[[ Provided records, beginning ]]
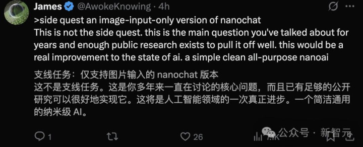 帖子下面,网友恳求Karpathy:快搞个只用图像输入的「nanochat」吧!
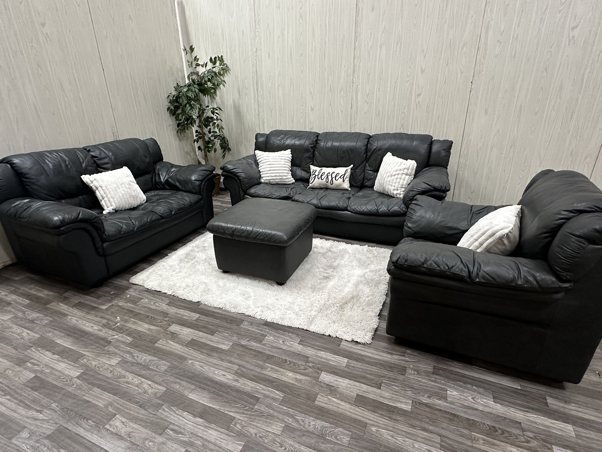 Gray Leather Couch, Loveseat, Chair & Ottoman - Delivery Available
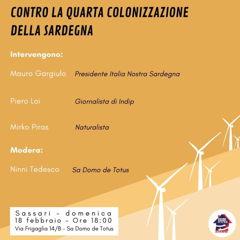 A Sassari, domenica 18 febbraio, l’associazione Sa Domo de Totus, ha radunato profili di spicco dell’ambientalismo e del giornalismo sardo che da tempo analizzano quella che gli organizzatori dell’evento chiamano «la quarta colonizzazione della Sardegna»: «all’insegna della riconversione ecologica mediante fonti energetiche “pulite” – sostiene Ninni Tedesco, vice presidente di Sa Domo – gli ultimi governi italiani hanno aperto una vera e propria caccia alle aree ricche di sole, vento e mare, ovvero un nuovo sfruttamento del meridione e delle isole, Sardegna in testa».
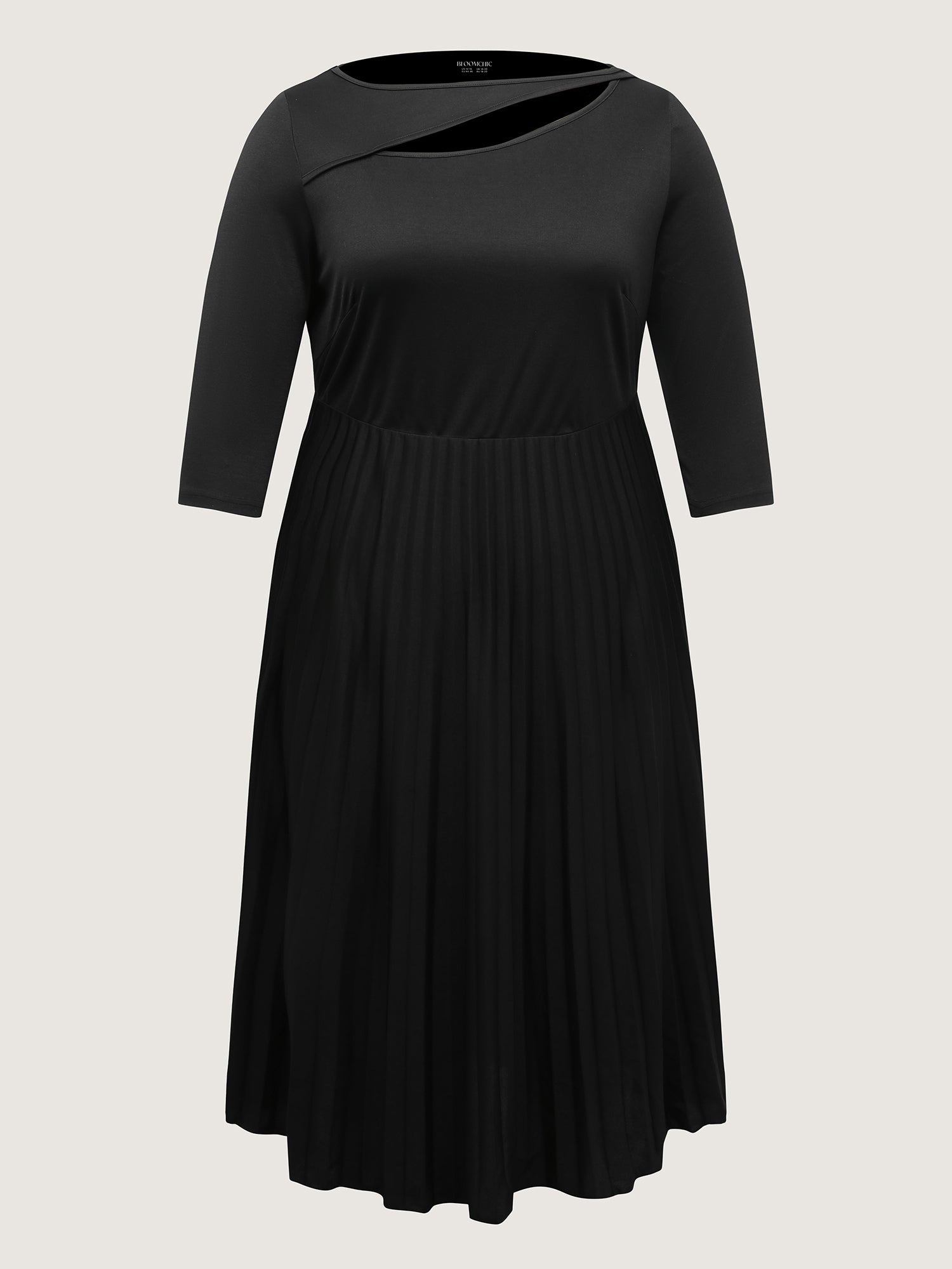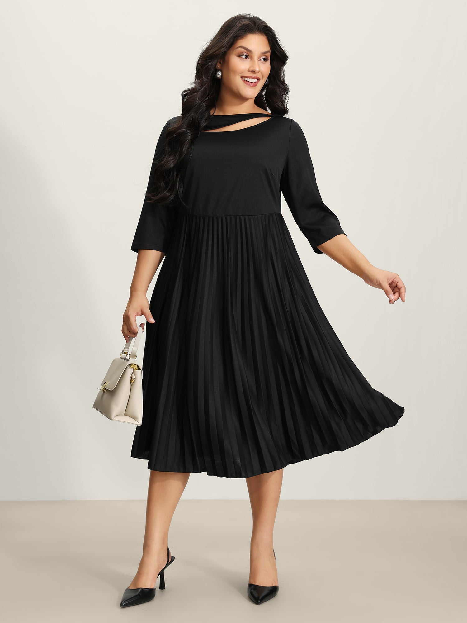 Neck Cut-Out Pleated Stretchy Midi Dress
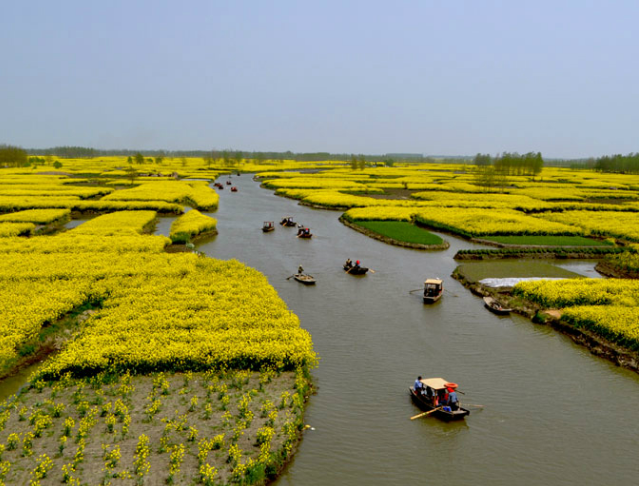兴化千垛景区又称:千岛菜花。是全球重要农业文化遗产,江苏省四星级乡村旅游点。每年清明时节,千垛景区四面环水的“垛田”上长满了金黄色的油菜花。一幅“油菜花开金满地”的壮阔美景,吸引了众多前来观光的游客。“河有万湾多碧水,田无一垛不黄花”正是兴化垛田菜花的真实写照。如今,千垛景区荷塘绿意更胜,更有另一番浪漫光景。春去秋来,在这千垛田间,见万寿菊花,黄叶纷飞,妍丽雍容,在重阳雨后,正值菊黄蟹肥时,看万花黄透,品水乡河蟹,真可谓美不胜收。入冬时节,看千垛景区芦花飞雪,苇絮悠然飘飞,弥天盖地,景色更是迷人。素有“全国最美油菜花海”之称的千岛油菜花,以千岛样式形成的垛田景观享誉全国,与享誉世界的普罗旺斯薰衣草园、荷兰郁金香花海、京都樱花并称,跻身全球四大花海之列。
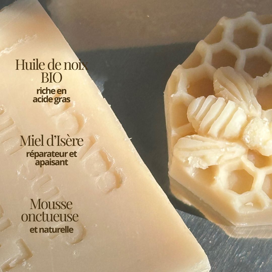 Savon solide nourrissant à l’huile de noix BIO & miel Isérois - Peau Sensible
[[ Provided records, end ]]
> **Task requirements**
The listing should be transcribed in full, exactly, and without its pictures.

> **Response area**
 帖子下面,网友恳求Karpathy:快搞个只用图像输入的「nanochat」吧!
 Gray Leather Couch, Loveseat, Chair & Ottoman - Delivery Available
 A Sassari, domenica 18 febbraio, l’associazione Sa Domo de Totus, ha radunato profili di spicco dell’ambientalismo e del giornalismo sardo che da tempo analizzano quella che gli organizzatori dell’evento chiamano «la quarta colonizzazione della Sardegna»: «all’insegna della riconversione ecologica mediante fonti energetiche “pulite” – sostiene Ninni Tedesco, vice presidente di Sa Domo – gli ultimi governi italiani hanno aperto una vera e propria caccia alle aree ricche di sole, vento e mare, ovvero un nuovo sfruttamento del meridione e delle isole, Sardegna in testa».
 Neck Cut-Out Pleated Stretchy Midi Dress
兴化千垛景区又称:千岛菜花。是全球重要农业文化遗产,江苏省四星级乡村旅游点。每年清明时节,千垛景区四面环水的“垛田”上长满了金黄色的油菜花。一幅“油菜花开金满地”的壮阔美景,吸引了众多前来观光的游客。“河有万湾多碧水,田无一垛不黄花”正是兴化垛田菜花的真实写照。如今,千垛景区荷塘绿意更胜,更有另一番浪漫光景。春去秋来,在这千垛田间,见万寿菊花,黄叶纷飞,妍丽雍容,在重阳雨后,正值菊黄蟹肥时,看万花黄透,品水乡河蟹,真可谓美不胜收。入冬时节,看千垛景区芦花飞雪,苇絮悠然飘飞,弥天盖地,景色更是迷人。素有“全国最美油菜花海”之称的千岛油菜花,以千岛样式形成的垛田景观享誉全国,与享誉世界的普罗旺斯薰衣草园、荷兰郁金香花海、京都樱花并称,跻身全球四大花海之列。
 Savon solide nourrissant à l’huile de noix BIO & miel Isérois - Peau Sensible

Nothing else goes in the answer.